**WORK ITEM:**
What you should repeat is the run of lines from the top of the listing below through the line with "Пропустить клюкву, зелень, лук, чили", exactly, with no pictures.

**THE DATA:**
==*==
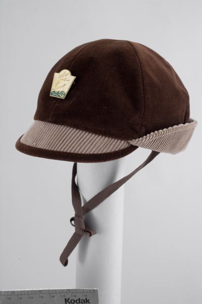 uppvikt bakbrätte av sandfärgad manchester. Skärmens framkant och undersida av brun sammet. Kullen av sex kilar. Foder av brun flanell. Hakband av brunt bomullsband. Metallmärke framtill med texten obo och bilden av en skidhoppare. Vidhängande prislapp med texten obo. Storlek 50. Fabriksny.
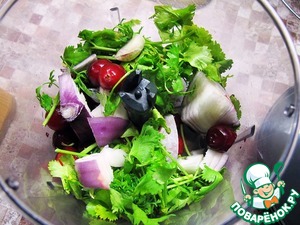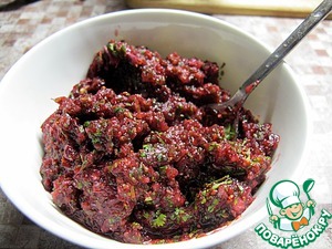 Пропустить клюкву, зелень, лук, чили и чеснок через блендер. У меня была польская мороженая клюква, суховатая по сути. Поэтому дип получился похожим на джем. С обычной клюквой он будет более жидким.
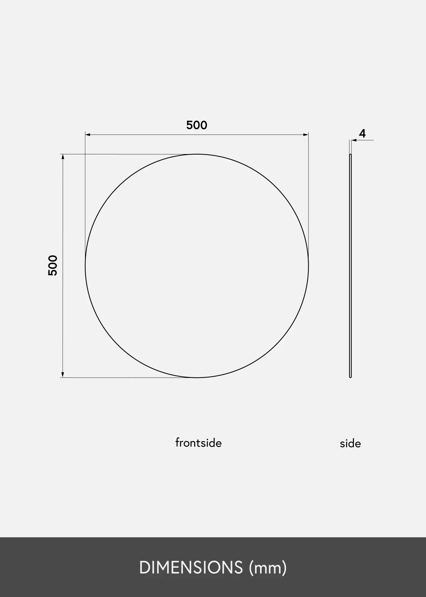 Această oglindă rotundă este disponibilă în mai multe dimensiuni, dintre care această variantă are dimensiunea de 50 cm Ø.
==*==
**EXERCISE SOLUTION:**
 uppvikt bakbrätte av sandfärgad manchester. Skärmens framkant och undersida av brun sammet. Kullen av sex kilar. Foder av brun flanell. Hakband av brunt bomullsband. Metallmärke framtill med texten obo och bilden av en skidhoppare. Vidhängande prislapp med texten obo. Storlek 50. Fabriksny.
 Пропустить клюкву, зелень, лук, чили и чеснок через блендер. У меня была польская мороженая клюква, суховатая по сути. Поэтому дип получился похожим на джем. С обычной клюквой он будет более жидким.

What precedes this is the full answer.